> [BRIEF]: With the pictures omitted, output word for word the lines from the one containing "Size: M, L, XL, XXL, 3XL, 4XL" through the end of the records.

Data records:

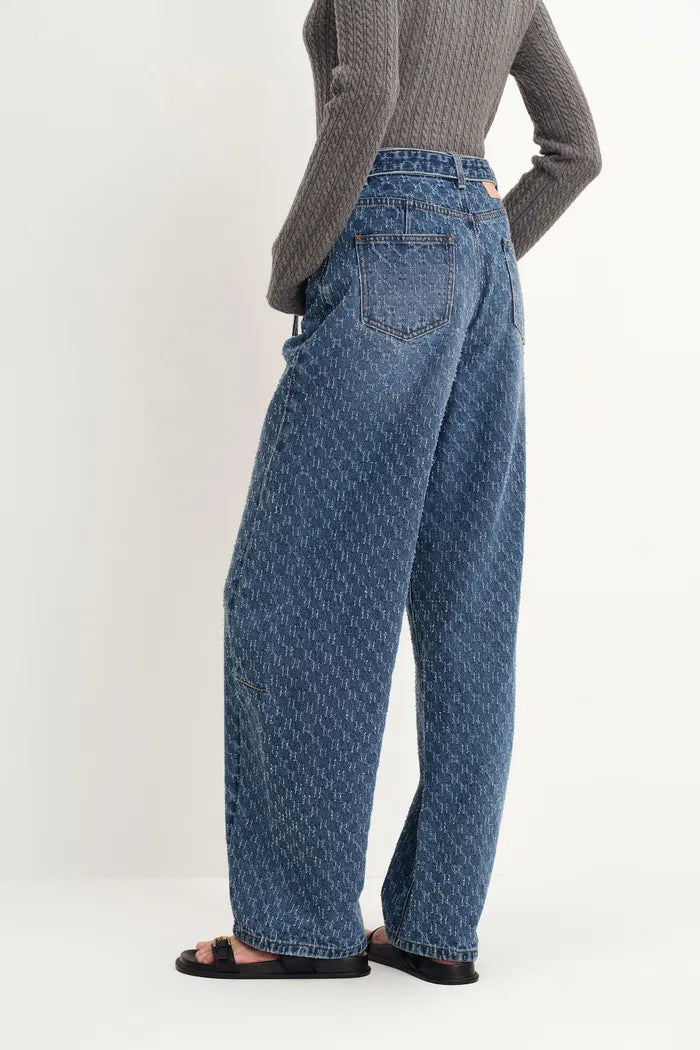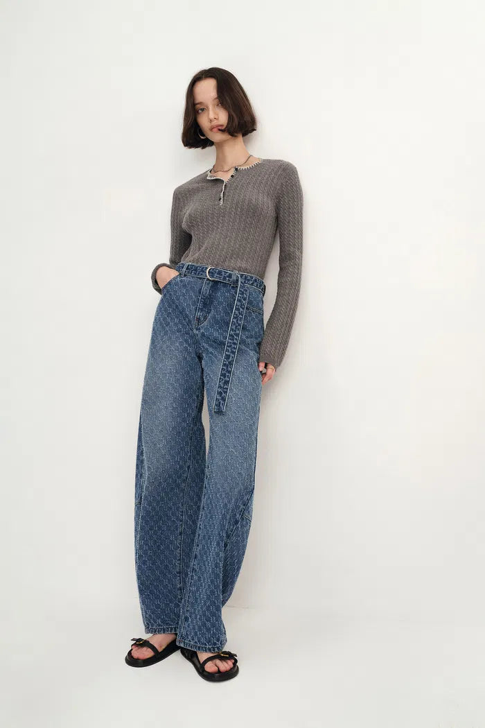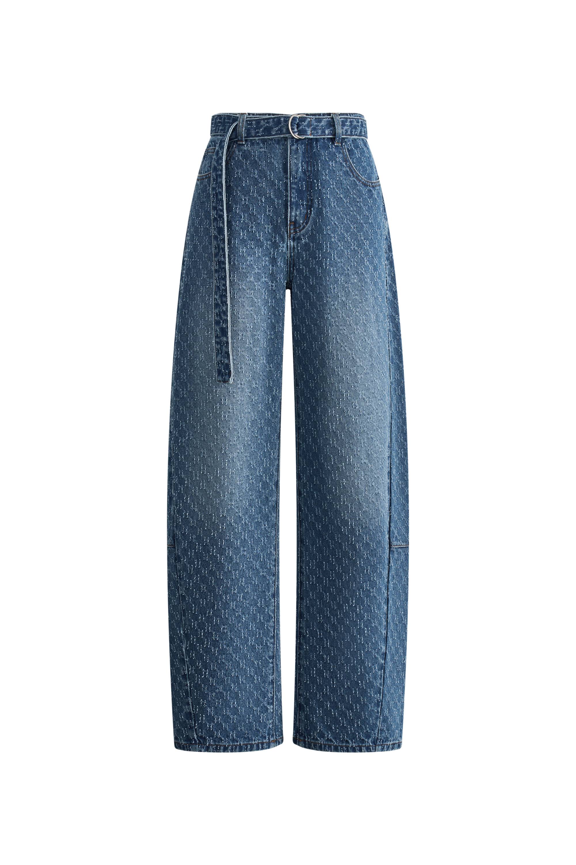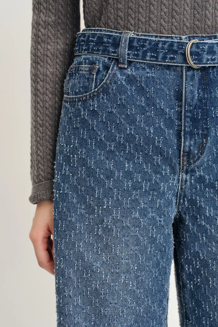 Skylar Belted Textured Gradient Jeans in Jacquard Cotton Denim
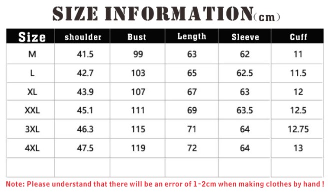 Size: M, L, XL, XXL, 3XL, 4XL
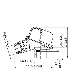 Соединительная головка, форма B, класс защиты IP 54, из пластика, с резьбовой крышкой, размеры в мм (дюймах)
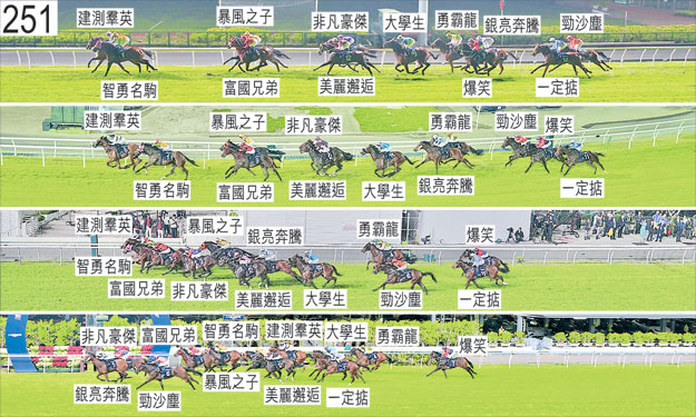 「非凡豪傑」躍出時發生碰撞。被查詢有關他於末段的騎法時,潘頓表示,坐騎在直路上內閃。他說,趨近終點時,他聽到居坐騎內側馬匹的騎師呼喊,因為他擔心坐騎正向內斜跑,擠迫居其內側的馬匹,因而望向內側,停止催策及修正坐騎。賽後須抽取樣本檢驗。 「銀亮奔騰」賽後須抽取樣本檢驗。 「勇霸龍」躍出時觸碰閘廂左側,其後不久向外斜跑,與「非凡豪傑」互相觸碰。賽後立即接受獸醫檢查,並無發現任何明顯異常之處。 「暴風之子」躍出時發生碰撞。二百五十米處至一百五十米處之間在「智勇名駒」與「建測羣英」之間受困而未能望空。 「勁沙塵」自外檔出閘笨拙,向內斜跑,與「暴風之子」互相觸碰。早段在馬群之後切入。 「爆笑」起步時發生碰撞。接近九百米處時在走勢欠順及收慢以在「大學生」之後取得遮擋之際昂首。布宜學報告,他獲指示讓坐騎佔取中間位置。他說,坐騎自六百米處起受催策,其後墮退。 「建測羣英」中段在領放下搶口,趨近一千米處時在收慢之際昂首。 「富國兄弟」杜苑欣於過終點時在坐騎向著內側的「智勇名駒」斜跑之際須停止催策及修正坐騎。 「大學生」最後五十米在「美麗邂逅」與「暴風之子」之間受困之際未能被力策。巴米高報告,坐騎沿途內閃,直路上難以被力策。賽後立即接受獸醫檢查,並無發現任何明顯異常之處。 「一定掂」自外檔出閘笨拙,向外斜跑,碰撞「爆笑」,早段在馬群之後切入。 「美麗邂逅」賽後立即接受獸醫檢查,並無發現任何明顯異常之處。
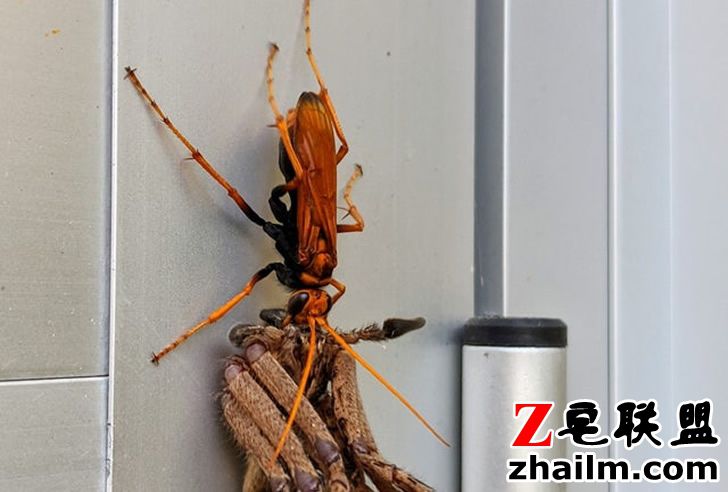 澳大利亚一位网友表示当天下班回到家时,看见自家门上出现2个不速之客,再仔细一看,橘色蛛蜂正在吞食比自己身体大上约2倍的猎人蜘蛛,当时马上拿起手机拍下这罕见的一幕。

> [RESULT OF THIS EXERCISE]:
 Size: M, L, XL, XXL, 3XL, 4XL
 Соединительная головка, форма B, класс защиты IP 54, из пластика, с резьбовой крышкой, размеры в мм (дюймах)
 「非凡豪傑」躍出時發生碰撞。被查詢有關他於末段的騎法時,潘頓表示,坐騎在直路上內閃。他說,趨近終點時,他聽到居坐騎內側馬匹的騎師呼喊,因為他擔心坐騎正向內斜跑,擠迫居其內側的馬匹,因而望向內側,停止催策及修正坐騎。賽後須抽取樣本檢驗。 「銀亮奔騰」賽後須抽取樣本檢驗。 「勇霸龍」躍出時觸碰閘廂左側,其後不久向外斜跑,與「非凡豪傑」互相觸碰。賽後立即接受獸醫檢查,並無發現任何明顯異常之處。 「暴風之子」躍出時發生碰撞。二百五十米處至一百五十米處之間在「智勇名駒」與「建測羣英」之間受困而未能望空。 「勁沙塵」自外檔出閘笨拙,向內斜跑,與「暴風之子」互相觸碰。早段在馬群之後切入。 「爆笑」起步時發生碰撞。接近九百米處時在走勢欠順及收慢以在「大學生」之後取得遮擋之際昂首。布宜學報告,他獲指示讓坐騎佔取中間位置。他說,坐騎自六百米處起受催策,其後墮退。 「建測羣英」中段在領放下搶口,趨近一千米處時在收慢之際昂首。 「富國兄弟」杜苑欣於過終點時在坐騎向著內側的「智勇名駒」斜跑之際須停止催策及修正坐騎。 「大學生」最後五十米在「美麗邂逅」與「暴風之子」之間受困之際未能被力策。巴米高報告,坐騎沿途內閃,直路上難以被力策。賽後立即接受獸醫檢查,並無發現任何明顯異常之處。 「一定掂」自外檔出閘笨拙,向外斜跑,碰撞「爆笑」,早段在馬群之後切入。 「美麗邂逅」賽後立即接受獸醫檢查,並無發現任何明顯異常之處。
 澳大利亚一位网友表示当天下班回到家时,看见自家门上出现2个不速之客,再仔细一看,橘色蛛蜂正在吞食比自己身体大上约2倍的猎人蜘蛛,当时马上拿起手机拍下这罕见的一幕。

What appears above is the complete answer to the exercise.